A cinnabar moth caterpillar
A cinnabar moth caterpillar

There was also wildlife of the four legged variety. I startled a rabbit out of a bush and a flash of movement across a cowpat turned out to be a common newt; the first one I’ve seen in years.


Now I think it’s time that I made a confession. Despite spending four years studying Zoology and the advice of my lecturers my id-ing skills are not as good as I would like them to be, especially when it comes to birds. I am taking steps to remedy this (so please don’t judge me on it) but I thought I should warn you as I may not be always be right in my identification.

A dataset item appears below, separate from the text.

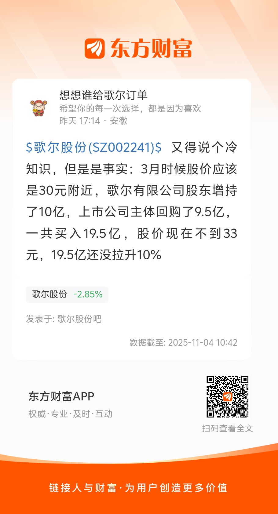 $歌尔股份(SZ002241)$ 又得说个冷知识,但是是事实:3月时候股价应该是30元附近,歌尔有限公司股东增持了10亿,上市公司主体回购了9.5亿,一共买入19.5亿,股价现在不到33元,19.5亿还没拉升10%

Luckily for me this was not a problem with the group I was working with. Everyone’s id skills are at different levels and they are all more than happy to help out and share their knowledge. We had a party of four very vocal birds fly above us for a while. All we could really see was their black and white undersides but I think the general consensus at the end of the day was that they were some sort of tern. There was also debate as to whether we saw a heron or an egret fly over. I really need to get myself some binoculars as that would make this so much easier!

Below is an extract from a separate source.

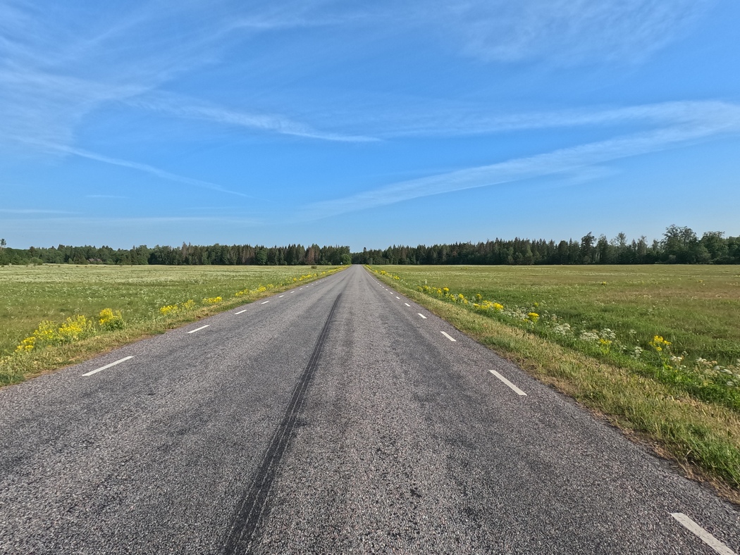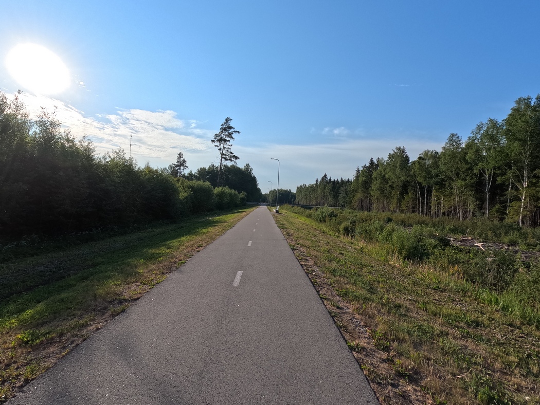 Der Kontrast hätte nicht stärker ausfallen können. Von jetzt auf gleich herrschte absolute Ruhe, denn der Radweg verlief nun für eine ganze Weile auf dem in Estland vollkommen intakten alten Verlauf der Riga-Tallinn-Autobahn. Sanft glitten die Räder auf dem Asphalt durch den Kiefernwald, dass sich einem das Herz nur so weitete.

So when you have a whole reserves worth of ragwort piles up in a trailer what do you do with it? You burn it of course! It seemed a little strange to, in the middle of summer, be eating your packed lunch while sat around a roaring fire but hey ho! Burning the ragwort helps prevent it’s spread as even when pulled up the flowers can go to seed. We’re removing ragwort from another reserve next week and someone had the genius suggestion of taking marshmallows! I’m putting some skewers in my bag just in case!

The remains of a whole reserves worth of ragwort!
The remains of a whole reserves worth of ragwort!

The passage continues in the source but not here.